OK, I now see that doing Rhomb tiling is simple without any duplicate
detection. (That is, the inflation doesn't overlap it's neighbors, and it
works without using that init_inflate macro and friends.)
Consider this:
#macro tri (pos, ang, typ, level)
#if (level < 1)
PENROSE_triangle (pos, ang, typ)
#else
#if (abs(typ) = 18)
tri (phi * (pos + vrotate (x, (ang - typ) * y)),
ang + typ * 6, typ, level - 1)
tri (phi * pos + vrotate (x, (ang + typ) * y),
ang - typ * 6, typ * 3, level - 1)
#else
#local new = phi * pos + (phi - 1) * vrotate (x, (ang + typ) * y);
tri (new, ang, -typ, level - 1)
#local new = new + vrotate (x, (ang - typ) * y);
tri (new, ang - typ * 8/3, typ, level - 1)

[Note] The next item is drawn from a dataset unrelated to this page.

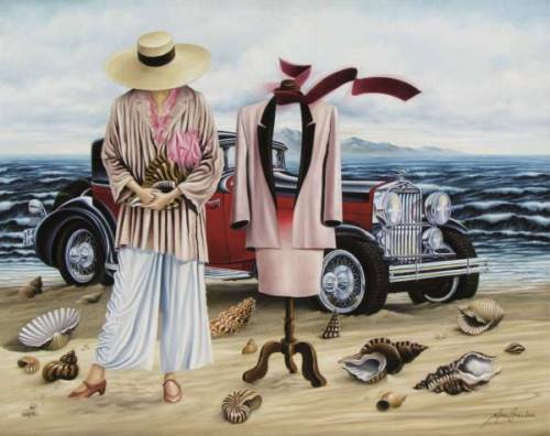 C’est à l’évidence dans la filiation surréaliste que s’inscrit son travail, où l’on reconnaîtra quelques hommages et tributs rendus aux œuvres de René Magritte et Salvador Dali. La toile se présente pour lui comme un théâtre de songes, et comme une scène où d’improbables promiscuités sont savamment orchestrées, où les glissements de temps se trouvent minutieusement prémédités, et où les faux collages sont patiemment distillés.
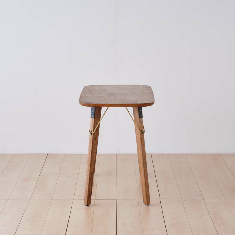 脚は、ウッド×真鍮×スチールの異素材ミックスでデザインされています。 丸みのある天板をピリッと引き締めてくれる存在です。

tri (new, ang + typ * 8/3, -typ / 3, level - 1)
#end
#end
#end
Call this as the others, pos and ang are the location and orientation of the
triangle, level is how many inflate operations to do. That typ parameter is
the size and orientation of the triangle. It takes values of -54, -18, 18,
and 54. To draw a triangle, draw unit length edges from pos in the
direction of ang + typ and ang - typ (and connect those two points for the
final edge).
It is simple to draw the triangles themselves. But notice that if you draw
each edge (I'll call them +, -, and o) in a different color, all the
triangles have the same edge type for a shared edge. Since a Rhomb is just
two 54 triangles that share an "o" edge, and any triangle with an "o" edge
has the neighbor of that edge that is also an "o" edge. The other
interesting thing is that the other triangle is the negative type of its
neighbor. So to draw rhombs instead of triangles, just ignore the negative
type triangles(-54 & -18), and treat the +54 triangles as rhombs that have
points of pos, pos+, pos-, and pos+- (add the + and - direction vectors
together for pos+-)
Starting with a +54 triangle and a -54 triangle sharing "o" edges, and using
the rhomb generation macros from before with all the decorations on, you get
the attached image. Note that the tri macro does not need that huge array
of true/false values to tell if it has already generated a tile at a
specific location or not, but can still generate a rhomb tiling without any
duplicate objects.
I still haven't figured out how to do Kites & Darts yet, but I think it
might be possible. In fact, I think it's more possible now than I did when
I wrote that last message.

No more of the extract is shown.